▸ **Required work**
Entries below include pictures. Output exactly the lines from the one with "Melya. le pull" down to the one with "Weiter geht es", both ends included, and leave the pictures out.

====== Given entries

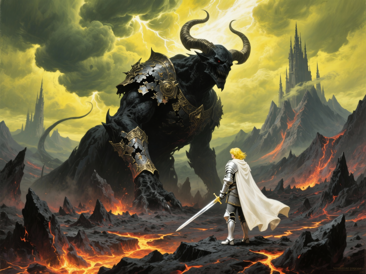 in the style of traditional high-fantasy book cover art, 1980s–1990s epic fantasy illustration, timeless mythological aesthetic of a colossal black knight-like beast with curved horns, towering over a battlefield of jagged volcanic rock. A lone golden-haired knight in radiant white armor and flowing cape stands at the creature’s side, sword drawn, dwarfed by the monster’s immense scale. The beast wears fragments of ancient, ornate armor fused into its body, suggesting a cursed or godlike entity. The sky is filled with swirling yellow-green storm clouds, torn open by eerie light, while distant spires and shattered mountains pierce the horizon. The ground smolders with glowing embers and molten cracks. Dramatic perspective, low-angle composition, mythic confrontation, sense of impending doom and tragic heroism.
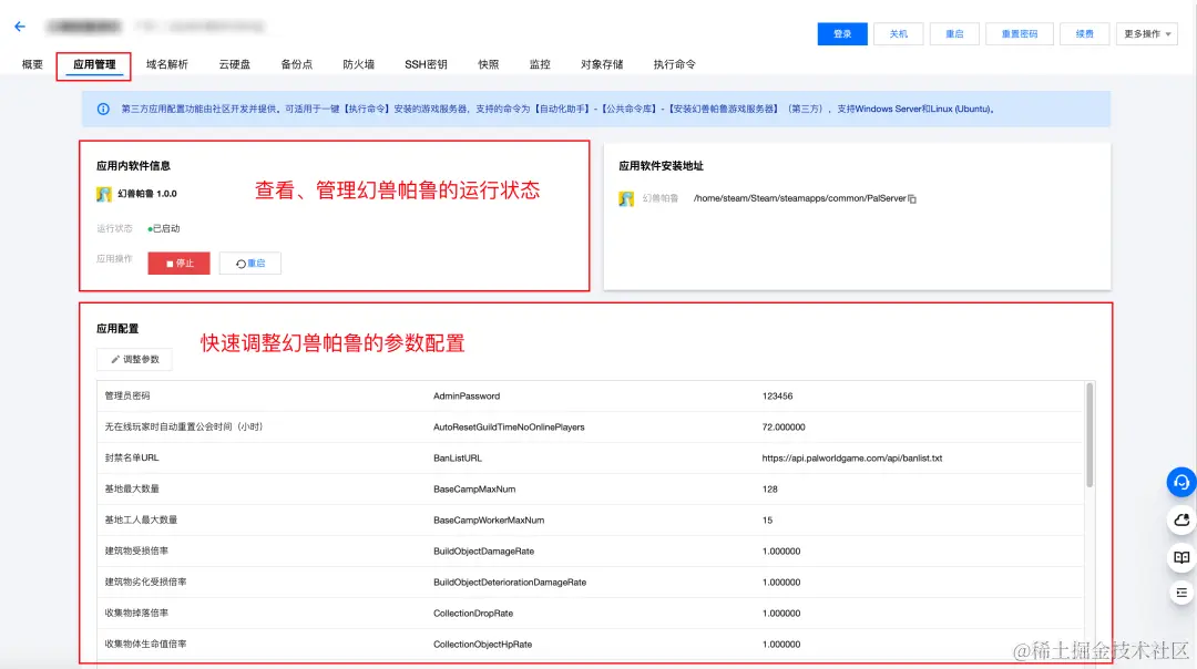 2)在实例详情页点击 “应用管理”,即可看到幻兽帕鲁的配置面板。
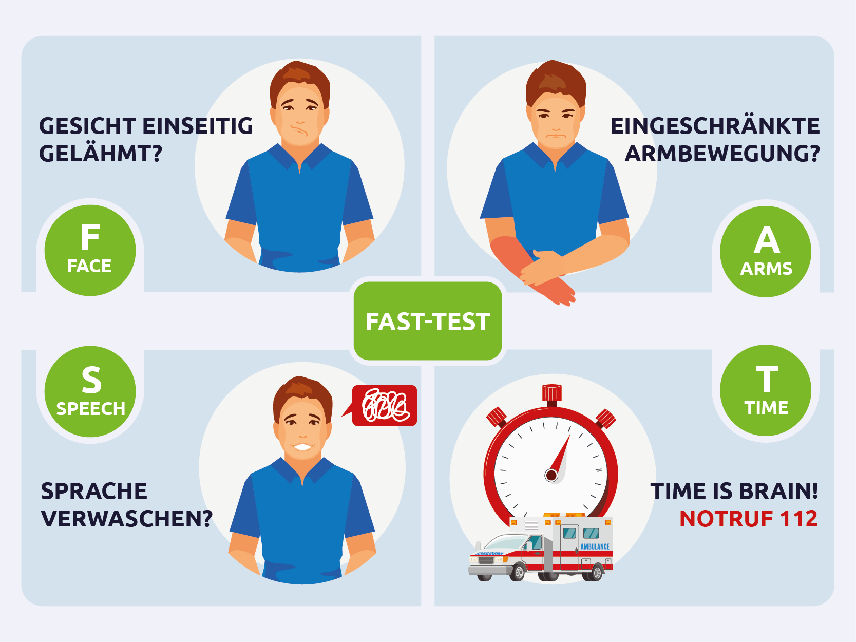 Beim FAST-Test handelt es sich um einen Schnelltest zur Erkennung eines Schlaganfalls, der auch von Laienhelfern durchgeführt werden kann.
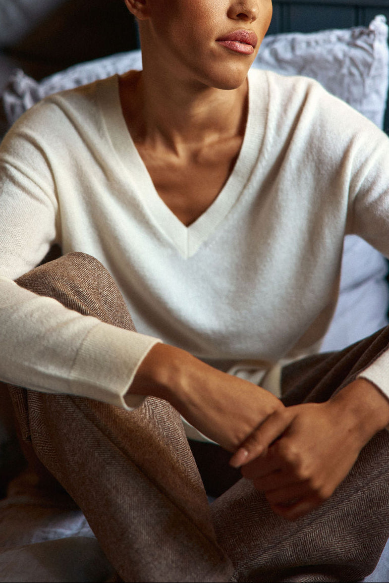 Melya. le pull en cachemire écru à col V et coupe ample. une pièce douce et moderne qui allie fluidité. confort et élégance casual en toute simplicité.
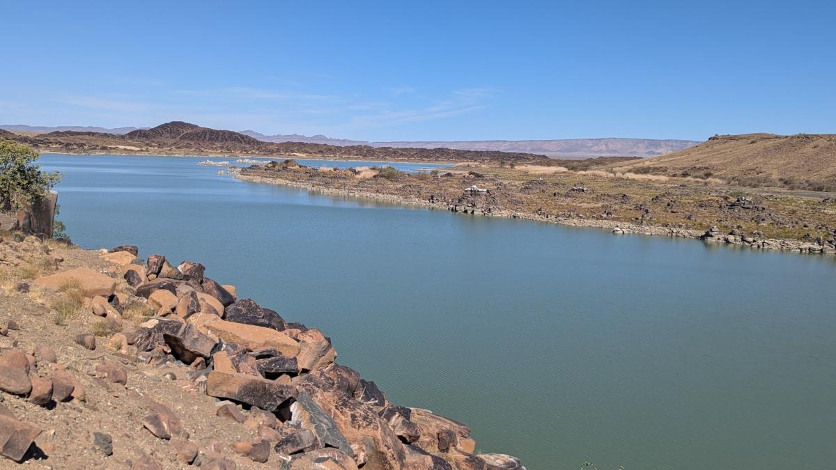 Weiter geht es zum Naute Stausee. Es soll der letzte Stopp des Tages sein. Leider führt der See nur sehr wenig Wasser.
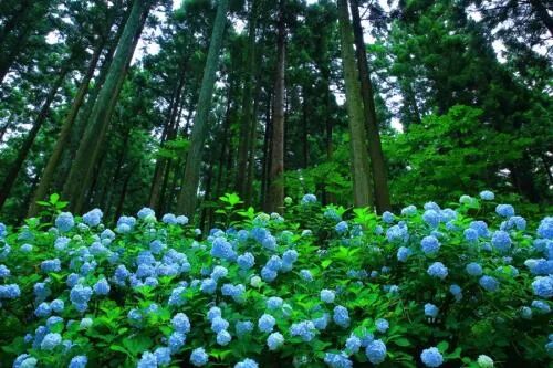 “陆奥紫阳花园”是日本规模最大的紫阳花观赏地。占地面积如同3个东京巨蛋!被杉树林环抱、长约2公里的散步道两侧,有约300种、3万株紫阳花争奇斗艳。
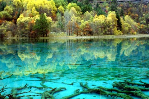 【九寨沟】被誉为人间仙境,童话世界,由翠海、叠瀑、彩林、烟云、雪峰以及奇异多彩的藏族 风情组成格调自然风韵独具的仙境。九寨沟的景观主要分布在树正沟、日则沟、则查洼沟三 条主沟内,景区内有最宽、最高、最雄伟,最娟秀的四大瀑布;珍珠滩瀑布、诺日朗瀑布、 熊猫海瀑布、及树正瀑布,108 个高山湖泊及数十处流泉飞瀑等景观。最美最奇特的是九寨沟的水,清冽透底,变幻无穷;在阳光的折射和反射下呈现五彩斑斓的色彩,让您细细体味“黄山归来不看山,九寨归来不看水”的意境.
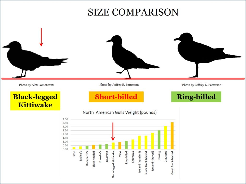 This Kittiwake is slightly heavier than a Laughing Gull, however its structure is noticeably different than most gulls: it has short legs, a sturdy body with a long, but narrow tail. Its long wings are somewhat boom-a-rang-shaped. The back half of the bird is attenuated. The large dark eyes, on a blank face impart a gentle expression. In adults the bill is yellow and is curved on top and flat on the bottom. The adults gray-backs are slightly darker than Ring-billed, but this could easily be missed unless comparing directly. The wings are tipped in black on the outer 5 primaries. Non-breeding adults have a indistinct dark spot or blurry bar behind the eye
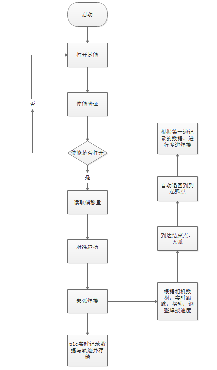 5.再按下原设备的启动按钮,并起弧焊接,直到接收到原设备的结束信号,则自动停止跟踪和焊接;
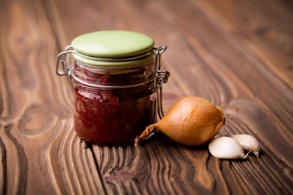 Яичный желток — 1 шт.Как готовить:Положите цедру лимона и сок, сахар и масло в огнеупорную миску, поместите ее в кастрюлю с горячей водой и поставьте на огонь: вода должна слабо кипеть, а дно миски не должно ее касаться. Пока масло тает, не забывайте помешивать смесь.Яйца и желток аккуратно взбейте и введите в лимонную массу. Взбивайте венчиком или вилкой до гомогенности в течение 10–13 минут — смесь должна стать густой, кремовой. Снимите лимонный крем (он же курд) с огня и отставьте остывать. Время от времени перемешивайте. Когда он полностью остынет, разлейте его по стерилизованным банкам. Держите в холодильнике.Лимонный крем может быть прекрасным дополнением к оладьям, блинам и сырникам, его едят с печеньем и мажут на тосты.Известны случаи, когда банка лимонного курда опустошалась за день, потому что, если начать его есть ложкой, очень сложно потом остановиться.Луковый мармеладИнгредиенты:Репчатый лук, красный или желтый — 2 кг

============
====== Given entries

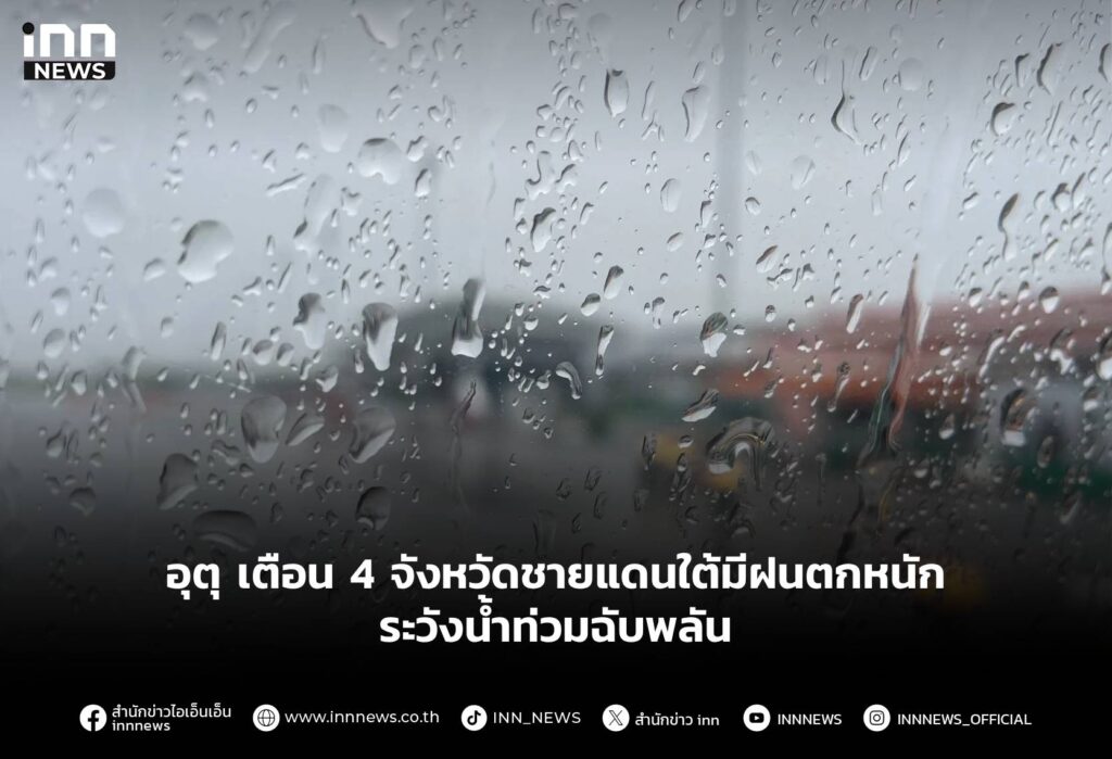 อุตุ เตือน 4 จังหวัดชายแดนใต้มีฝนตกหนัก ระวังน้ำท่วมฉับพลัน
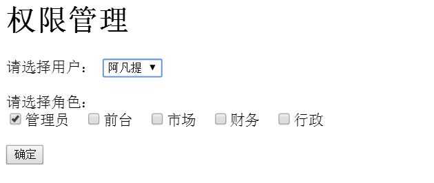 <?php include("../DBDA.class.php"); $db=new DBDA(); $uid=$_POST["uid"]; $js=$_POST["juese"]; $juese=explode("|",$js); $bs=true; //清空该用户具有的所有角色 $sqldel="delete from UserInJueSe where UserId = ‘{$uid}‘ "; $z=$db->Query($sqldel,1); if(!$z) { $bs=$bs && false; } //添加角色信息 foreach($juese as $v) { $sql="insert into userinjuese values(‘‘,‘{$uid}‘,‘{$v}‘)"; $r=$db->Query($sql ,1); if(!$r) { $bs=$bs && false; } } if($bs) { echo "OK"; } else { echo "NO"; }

============

▸ **The completed task**
 Melya. le pull en cachemire écru à col V et coupe ample. une pièce douce et moderne qui allie fluidité. confort et élégance casual en toute simplicité.
 Weiter geht es zum Naute Stausee. Es soll der letzte Stopp des Tages sein. Leider führt der See nur sehr wenig Wasser.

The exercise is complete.